No one questioned my presence, so I took possession of one of the rickety carts near the door and pushed it over the uneven concrete floors, producing a most satisfying racket while I explored this unexpected Aladdin's cave. Super cheap tofu! Massive tubs of olives! Exotic spice mixes in colourful metal containers! A huge variety of rice and grains! In a smaller adjoining room, bottles of oil in a glass-doored refrigerator and shelves crammed with cartons of every kind of plant-based milk imaginable! And near the cash register (under which, I soon learned, sat a box where the employee at the till, after asking the client's permission, placed the leaves from the bunches of carrots they purchased for one of the employees' horse), I discovered locally-made rustic oatmeal cookies with jam filling that became my favourite weekend breakfast.

But the produce! Oh, the produce! As the seasons changed, my devotion to Santa Rosa could only increase; I visited every 2 or 3 days to check on new arrivals. I'd never known what "real" apples looked like before! And I knew it was truly summer when I saw the punnets of local berries ranged on dollies in front of the store.

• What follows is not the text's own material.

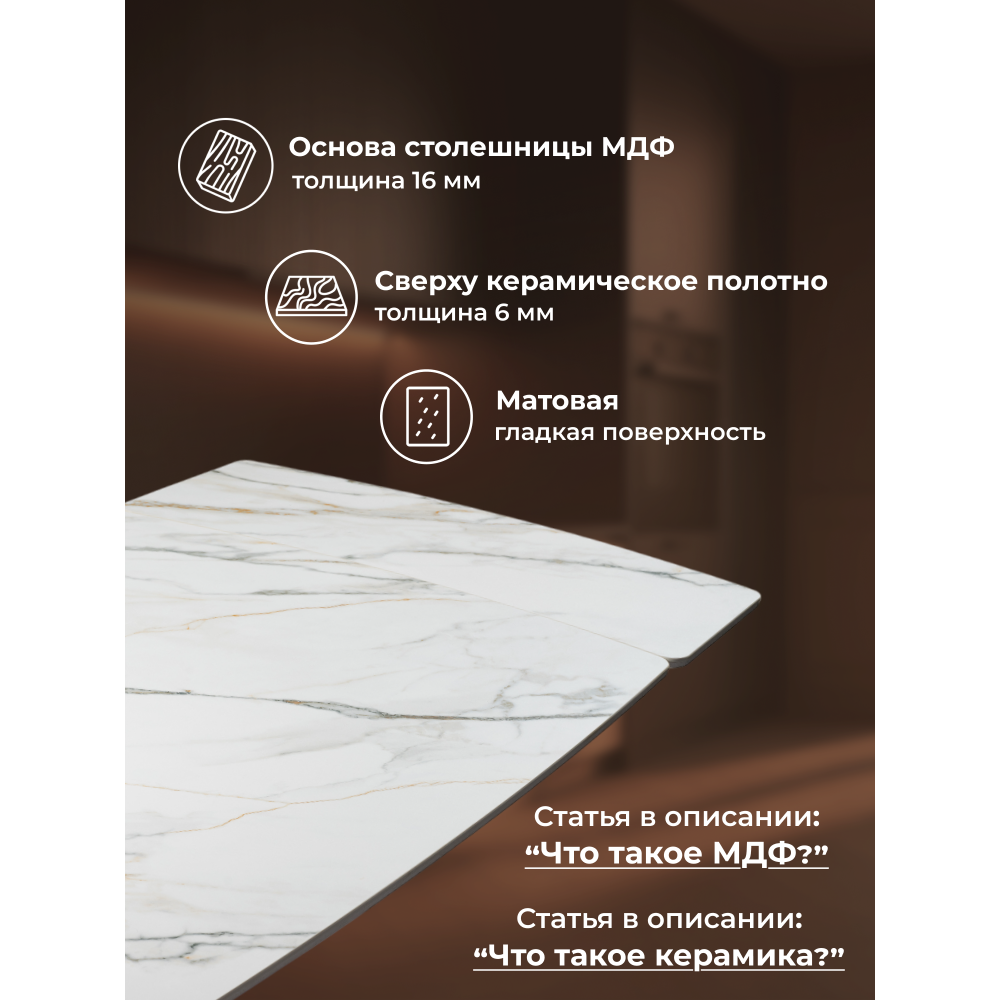 Керамический стол Готланд с расстоянием между ножками 80 см и толщиной столешницы 2 см звучит как стильный и функциональный предмет мебели. Ноги необычной формы могут добавить оригинальности и эстетической привлекательности.

One summer, a bushel of large, sun-bright nectarines caught my attention – or rather, it was their sweet perfume that lured me straight to them. They were perfectly ripe, as rarely happens in grocery stores. I bought four, had two for dessert that evening, ate the other two at breakfast the next morning, and picked up a few more while running errands that day. Over the following week, the happy-making scent of nectarines floated throughout my entire apartment. I must have eaten a dozen a day, sometimes over a bowl, more often standing at the kitchen sink so I could let the golden juice run down my arms freely, knowing that its fragrance would be absorbed into my skin and later perfume my bedclothes. Each was absolutely glorious.

As soon as nectarine season was over, I started eagerly anticipating the next summer. Alas, such superlative fruit never made another appearance.

I moved away a few years later, and have only gone back to Victoriaville once since. Among the favourite places I revisited was the vacant-looking building at the back of the empty parking lot – but this time, a faded "To Let" sign was hanging crookedly across the garage door. Santa Rosa and its hidden treasures were gone.

Part of me still wonders... was it all a mirage?